SAN FRANCISCO -- As enterprises move out of the AI experimentation stage and into deployment, they are increasingly turning to AI microservices and modular AI to tackle specific business needs.
For enterprises, relying on a single vendor or service for their AI use cases has begun to make less sense than it used to.
This is partly because larger enterprises are starting to experience vendor fatigue, said Traci Gusher, principal of data and analytics at KPMG.
Vendor lock-in refers to an organization's unintentional dependence on a vendor for all of its services, typically because the vendor will prevent its services from pairing with third-party services, or limit the compatibility of third-party services.
Some major cloud and technology vendors, such as IBM, for example, have opened their platforms to accommodate outside applications, but the problem still exits for some vendors.
By piecing together AI microservices or products from open vendors, enterprises can create a modular AI system that doesn't lock them into a single vendor or service.
This method can also enable enterprises to pick products or microservices that better fit their budgets, or find ones that are more technologically advanced, Gusher said.
"The ability to be more dynamic is something organizations strive for," she said in an interview at the AI Summit conference here.
Patching together microservices or products can also help organizations better tackle specific use cases -- a critical piece to the AI deployment puzzle.
For enterprise looking to begin deploying AI, it's crucial to develop a potential use case first, Dinesh Nirmal, vice president for development for data and AI at IBM.
"For some of the use cases, you probably don't even need AI," he said in an interview at the conference.

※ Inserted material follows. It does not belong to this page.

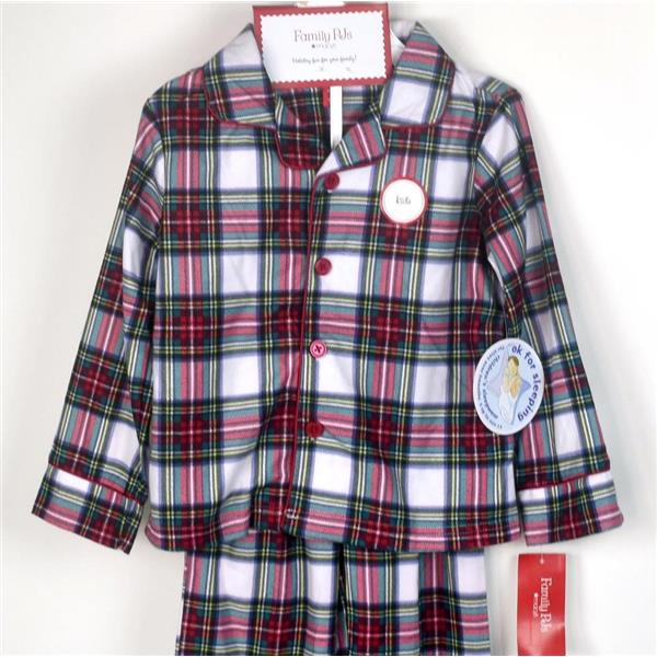 Family PJ Toddler Brushed Jersey Pajama Set in Plaid, Size 2T-3T, New with tags, no retail packaging. Choose pattern from the drop down box above. Keep warm and comfortable in this brushed jersey pajama set. They feature a button-front collared top with satin trim and pull-on pants.
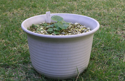 今回紹介するのは日本サクラソウ「鋸峰」です。この春の芽出しは、ポットの中心をややずれたところに顔を出してしまいました。半年の間に塊根は更に伸びてしまい(円内)、このままだと更に隅に寄って芽を出すことになってしまうところでした。加えて用土はゼニゴケの幼生で真っ黒に変色しています。このままだと、多分年内に一面青々とゼニゴケに覆われることになりそうです。 ということで、用土を全面的に新しいものに交換した上で、芽出しがポットの中心付近となるよう、適正な位地に植え替えることにします。来春の芽出しは多くても2芽どまりになりそうなので、住いはこのまま(3.5号陶鉢)我慢して貰うことにします。赤玉土0.6、鹿沼土0.4に固形培養土、化成肥料を適量混ぜたものに植付けて作業を終了しました。この個体はこの春は花を付けるのを見送ってしまいましたが、多分来春は大丈夫だろうと思います。 期待してるヨ!!

Organizations should consult with technology providers, as well as speak with their own departments, to develop a use case before buying a platform or service.
Modularizing AI by taking on one use case at a time can help enterprises ensure they understand the technology they have added and the changes they have made, said Sanjay Srivastava, senior vice president and chief digital officer of professional services and AI vendor Genpact, told SearchEnterpriseAI at the AI Summit.

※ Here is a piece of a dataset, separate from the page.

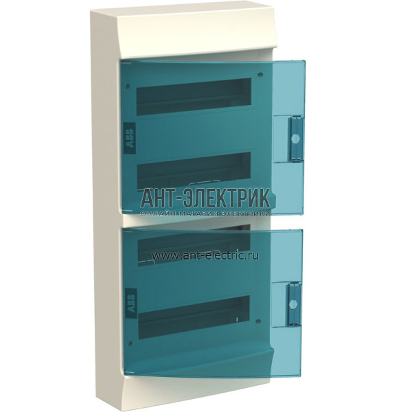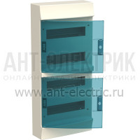 Пластиковый щиток с прозрачной дверцей (дверью) навесной настенный накладной, наружной установки на 48 модулей автомата (для автоматов) белый 48М с клеммниками

Dinesh NirmalVice president for development for data and AI, IBM
"Picking the right problems to solve is the largest issue in front of clients right now," Srivastava said. "AI cannot be the answer looking for the question. We must first ask the right questions."
Using modular AI can help enterprises understand how each AI system works, as it's broken down into separate chunks, rather than as a single encompassing platform.

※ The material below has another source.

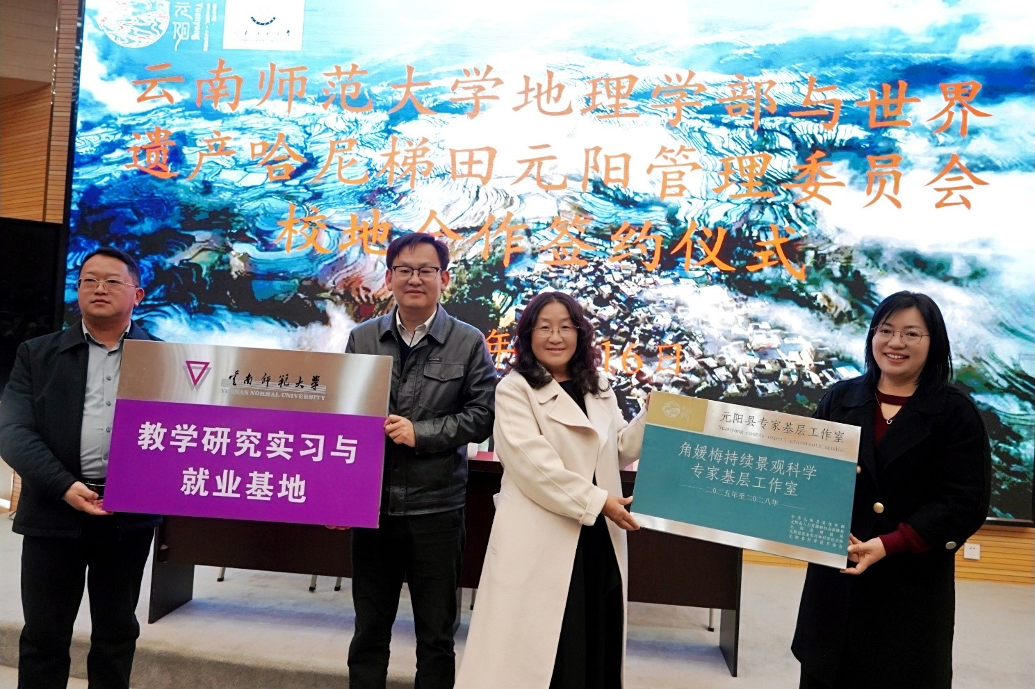 签约现场,地理学部与元阳县梯管委签订了“437必赢会员中心教学研究实习与实践基地”协议并授牌,宣布“角媛梅持续景观科学专家基层工作室”挂牌设立。同时,角媛梅向元阳县梯管委捐赠了科普读物《世界遗产哈尼梯田·雕刻在群山上的和谐家园》300册。

If you design a system as a whole, it's less explainable, Srivastava explained.
Organizations can more easily "drill down" with a system broken up into chunks, he said.
After applying AI to one use case and judging how effective it is, enterprises can then build on that use case or apply AI to other cases, Srivastava said.
"This modulization is going to drive a significant expansion of AI in the enterprise," he said.
The AI Summit was held Sept. 25-26 at the Palace of Fine Arts.